I’ll be expecting your check in the mail, ABC.
Aunt (motherfucking) Becky
Hey, Aunt Beck!
Was wondering…are your tees cut for chicks? You know, a little fitted, a little more narrow at the waist, more of a cap sleeve?
The nosy, and possible purchaser, want to know!
Excellent question, inquiring Prankster.
Fashion Cut shirts = girls shirts = more fitted and tightish around the waist. Now, let me tell you something and don’t get all vain about it when you order one. BUY ONE SIZE UP. Just trust me.
That said, they make your rack look TREMENDOUS.
In which case you’re a dude. Then you probably want to go with Unisex.
And you should buy one. All of you.
P.S. Working on new designs, too. Loved your suggestions last week. Thank you.
I was shocked by how much space my new house had. We’d gone from cramming ourselves into a wee three-bedroom condo without storage space to a house that had three floors and so much storage space that it seemed obscene.
It was beyond startling when, the weekend that we moved in, my new neighbors began showing up at my doorstep with plates brownies and cookies and treats to introduce themselves and to meet us. Our condo building was filled with incredibly unpleasant older, single cat ladies who didn’t like us. They’d have been more apt to leave a bag of poo on our doorstep than a plate of cookies.
With the exception of the people we shared a porch with, there was no one in the building who didn’t hate us. I still don’t know why.
We’d just happened to move into Pleasantville, which is what I STILL call my neighborhood. House after prefab house filled with pleasant, kind people. On Halloween, there’s a house that hands out hot chocolate and hot toddy’s. Another grills hotdogs and passes out beer and soda. If I had a binder, I’d write, “Aunt Becky + Her Neighborhood = Tru Luv” in loopy letters, surrounded by a bunch of pink, puffy hearts.
(sorta like I do with my Pranksters. You all have pink puffy hearts around you)
So when my neighbor, my son’s friend’s mother, invited me over for a “Pampered Chef” party, I was thrilled. Well, thrilled might not be the proper word. I was thrilled to be invited, but I liked cooking about as much as I liked grinding a lightbulb into my eye socket.
But I marched on over there for the party and sat down with a number of older women I didn’t know. Everyone was, of course, way friendly, but the person who was demonstrating the products began to blab. And she kept blabbing.
OMFG she kept on blabbing. I’d never SEEN someone talk so much. (as someone who routinely “talks paint off walls, THAT’S saying a LOT).
It was like one of those cooking shows I never watch because I cannot stand the blabbing.
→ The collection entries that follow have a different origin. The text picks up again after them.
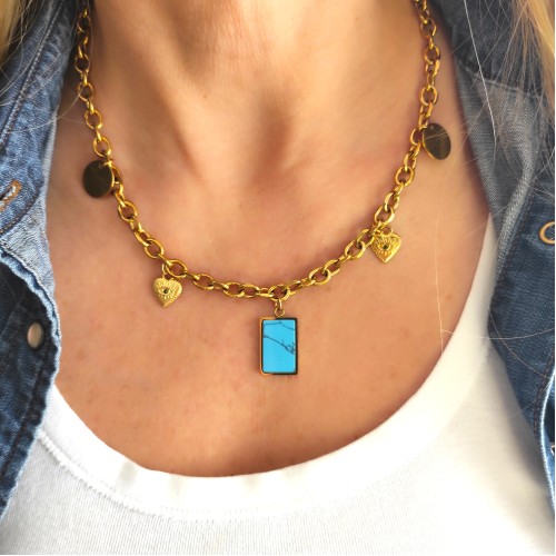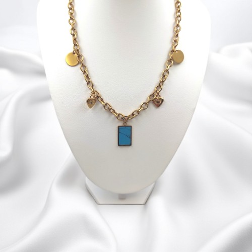 Κολιέ Ατσάλινο με Charms και Τυρκουάζ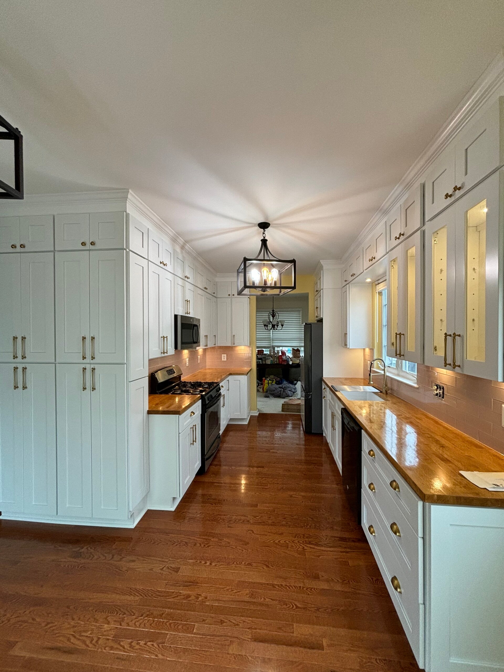 Tenemos las opciones de trabajos incluyendo materiales o de solo mano de obra, este trabajo solo mano de obra osila alrededor de $10,000 y $11,000 incluyendo instalación de gabinetes electricidad cerámica plomeria instalación y acabado de wood butcher block y instalación de appliances, todo con profesionalismo
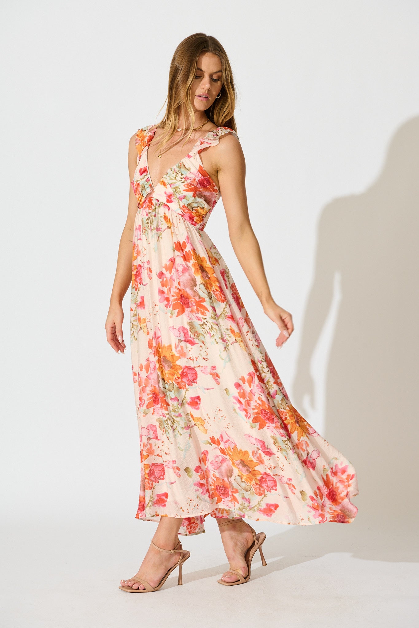 Apryl Maxi Dress in Blush with Tangerine Floral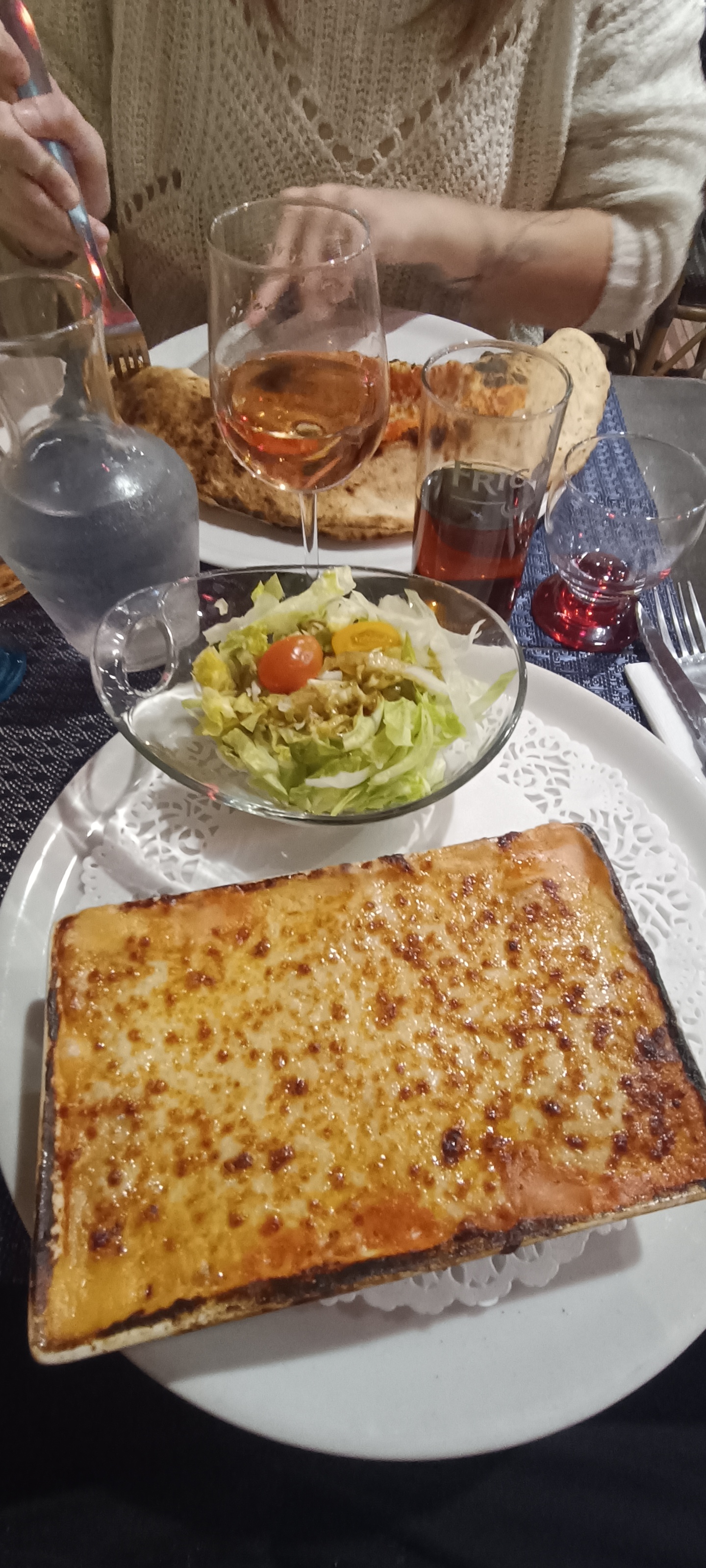 Un accueil chaleureux (à l'italienne comme je la connais), une calzone monstrueuse comme je les aime, un délice 🥰 Monsieur a pris des lasagnes, une belle quantité, avec une petite salade 😋 Nous n'avons pas pris de desserts, un petit limoncello (clairement il y avait plus qu'indiqué sur la carte à mon plus grand bohneur) Le prix est tout à fait raisonnable L'équipe est adorable De plus, nous avons mangé dans la véranda qui est chauffée, on était dans notre intimité. Pour fêter mon anniv et la Saint Valentin c'était vraiment top (et à 50 m de la maison) depuis le temps qu'on voulait y aller, nous ne sommes pas déçus 😍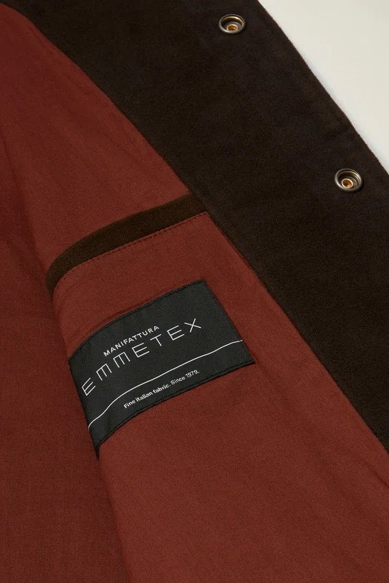 Realizzato in moleskin italiano | Bordo a costine in maglia su collo, polsini e orlo | Chiusura con bottoni a pressione | Tasche in vita | Tasca interna | Passante per appendere | Interno trapuntato completamente foderato

I mean, I love a good meal, but I’d rather cut my leg off than prepare it, or worse, watch someone who isn’t going to GIVE me the meal prepare it.
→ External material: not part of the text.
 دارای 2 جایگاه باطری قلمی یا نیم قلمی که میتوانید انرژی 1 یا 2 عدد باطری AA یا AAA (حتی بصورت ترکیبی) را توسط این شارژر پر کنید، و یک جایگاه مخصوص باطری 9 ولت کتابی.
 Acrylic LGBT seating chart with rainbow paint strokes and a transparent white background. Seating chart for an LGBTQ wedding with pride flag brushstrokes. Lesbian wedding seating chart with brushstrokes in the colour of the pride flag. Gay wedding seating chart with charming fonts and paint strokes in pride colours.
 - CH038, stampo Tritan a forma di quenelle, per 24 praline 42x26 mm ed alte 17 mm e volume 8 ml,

In the middle of her blabbing, I decided that I, too, could cook. And that I, too, needed THOSE SPECIFIC TOOLS to cook with. Certainly it wasn’t MY problem I couldn’t cook. It was because I didn’t have the Pampered Chef chopper-thingy! Or the cutting board! Or the grill thingy!
I blew a hundred bucks that night on crap so I, too, could be a COOKER-PERSON.
It took a week or so before my order came in. Immediately, I opened my miracle chopper thingy and put it together. I had fajitas I was gonna make! This was a WIN! Plus, my stuff looked so FANCY in the empty cabinets!
Only…the chopper thing didn’t really, well, WORK. The blades were always falling off, which meant that someone as dumb as me was tasked with slipping the blades BACK IN TO their rightful place. Without losing part of my thumb. It took me half an hour to cut up a green pepper, not including the time spent washing the stupid thing out. Had I used a knife, it would have taken less than five minutes.
That Chopper-Thing Was BULLSHIT.
The tiny spatula I’d bought, well, the handle fell off after a couple of months. The cutting board was fine, but nothing I couldn’t have bought anywhere else more cheaply.
I was a little discouraged, knowing I’d never become a Cooker-Person, but I cheered up when I realized that this meant I could eat more McDonald’s.
Those golden arches, they NEVER disappoint me.
Tell me, Pranksters, what do you think of those in-home parties like Pampered Chef or Tupperware? Love ’em? Hate ’em? I need a good laugh today.